--- START ---

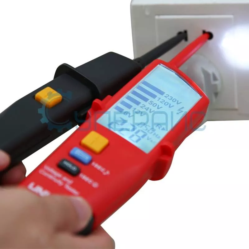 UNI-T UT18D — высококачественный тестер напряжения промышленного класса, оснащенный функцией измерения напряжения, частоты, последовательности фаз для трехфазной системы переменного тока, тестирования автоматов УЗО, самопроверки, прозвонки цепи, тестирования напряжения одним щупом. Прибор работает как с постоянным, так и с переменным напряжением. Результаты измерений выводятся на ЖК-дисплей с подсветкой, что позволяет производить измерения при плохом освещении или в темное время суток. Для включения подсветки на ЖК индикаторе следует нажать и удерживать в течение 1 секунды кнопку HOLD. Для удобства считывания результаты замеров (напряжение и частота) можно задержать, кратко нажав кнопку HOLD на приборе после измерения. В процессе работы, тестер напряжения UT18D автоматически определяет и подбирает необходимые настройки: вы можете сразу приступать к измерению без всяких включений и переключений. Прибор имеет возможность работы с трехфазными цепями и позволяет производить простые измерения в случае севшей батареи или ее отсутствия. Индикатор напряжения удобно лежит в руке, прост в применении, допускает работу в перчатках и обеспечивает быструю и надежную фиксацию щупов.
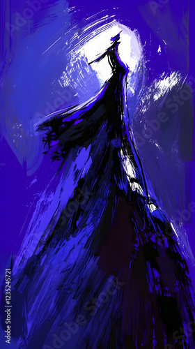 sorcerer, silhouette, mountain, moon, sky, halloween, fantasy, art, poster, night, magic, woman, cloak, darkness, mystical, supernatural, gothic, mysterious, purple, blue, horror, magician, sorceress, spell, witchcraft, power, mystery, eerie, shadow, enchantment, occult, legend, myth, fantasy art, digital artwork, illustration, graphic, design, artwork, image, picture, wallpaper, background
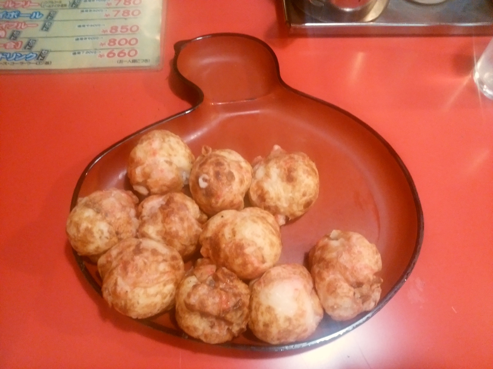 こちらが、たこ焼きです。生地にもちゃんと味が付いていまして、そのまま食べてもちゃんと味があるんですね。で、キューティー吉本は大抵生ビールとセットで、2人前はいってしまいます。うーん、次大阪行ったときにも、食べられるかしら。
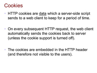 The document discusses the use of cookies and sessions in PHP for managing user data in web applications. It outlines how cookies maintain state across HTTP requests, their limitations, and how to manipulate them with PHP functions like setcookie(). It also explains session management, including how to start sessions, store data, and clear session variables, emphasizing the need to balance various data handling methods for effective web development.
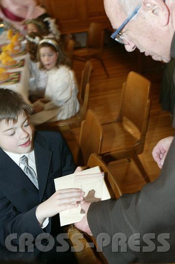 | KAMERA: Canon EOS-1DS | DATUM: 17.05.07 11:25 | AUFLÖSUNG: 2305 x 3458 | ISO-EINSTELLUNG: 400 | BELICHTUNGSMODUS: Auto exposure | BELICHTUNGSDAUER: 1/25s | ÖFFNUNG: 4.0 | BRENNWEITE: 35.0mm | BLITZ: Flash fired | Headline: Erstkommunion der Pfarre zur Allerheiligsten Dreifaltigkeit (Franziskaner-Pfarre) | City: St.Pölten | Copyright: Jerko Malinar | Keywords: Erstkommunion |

--- END ---

(Your task):
If pictures appear, drop them, and retype exactly the lines from the "こちらが、たこ焼きです。生地" line through the last line of the data above.

(Result):
 こちらが、たこ焼きです。生地にもちゃんと味が付いていまして、そのまま食べてもちゃんと味があるんですね。で、キューティー吉本は大抵生ビールとセットで、2人前はいってしまいます。うーん、次大阪行ったときにも、食べられるかしら。
 The document discusses the use of cookies and sessions in PHP for managing user data in web applications. It outlines how cookies maintain state across HTTP requests, their limitations, and how to manipulate them with PHP functions like setcookie(). It also explains session management, including how to start sessions, store data, and clear session variables, emphasizing the need to balance various data handling methods for effective web development.
 | KAMERA: Canon EOS-1DS | DATUM: 17.05.07 11:25 | AUFLÖSUNG: 2305 x 3458 | ISO-EINSTELLUNG: 400 | BELICHTUNGSMODUS: Auto exposure | BELICHTUNGSDAUER: 1/25s | ÖFFNUNG: 4.0 | BRENNWEITE: 35.0mm | BLITZ: Flash fired | Headline: Erstkommunion der Pfarre zur Allerheiligsten Dreifaltigkeit (Franziskaner-Pfarre) | City: St.Pölten | Copyright: Jerko Malinar | Keywords: Erstkommunion |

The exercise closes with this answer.